Among the lines below, copy exactly those from the one with "教育是「玉不琢,不成器;人不" through the one with "Harley Davidson 1340", counting both ends.

The input:
##############################
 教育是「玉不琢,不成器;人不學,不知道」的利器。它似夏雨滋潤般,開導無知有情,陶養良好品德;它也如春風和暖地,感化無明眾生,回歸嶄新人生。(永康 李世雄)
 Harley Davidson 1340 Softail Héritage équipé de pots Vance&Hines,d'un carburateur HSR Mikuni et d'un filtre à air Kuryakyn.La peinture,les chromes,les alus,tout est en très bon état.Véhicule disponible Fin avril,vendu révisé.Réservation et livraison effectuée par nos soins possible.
##############################
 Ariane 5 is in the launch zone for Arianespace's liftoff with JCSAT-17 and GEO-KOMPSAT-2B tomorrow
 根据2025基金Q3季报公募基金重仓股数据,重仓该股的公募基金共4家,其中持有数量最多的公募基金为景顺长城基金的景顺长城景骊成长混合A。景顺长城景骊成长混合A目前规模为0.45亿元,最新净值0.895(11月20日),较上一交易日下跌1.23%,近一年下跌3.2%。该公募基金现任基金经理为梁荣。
##############################
Task output:
 教育是「玉不琢,不成器;人不學,不知道」的利器。它似夏雨滋潤般,開導無知有情,陶養良好品德;它也如春風和暖地,感化無明眾生,回歸嶄新人生。(永康 李世雄)
 Harley Davidson 1340 Softail Héritage équipé de pots Vance&Hines,d'un carburateur HSR Mikuni et d'un filtre à air Kuryakyn.La peinture,les chromes,les alus,tout est en très bon état.Véhicule disponible Fin avril,vendu révisé.Réservation et livraison effectuée par nos soins possible.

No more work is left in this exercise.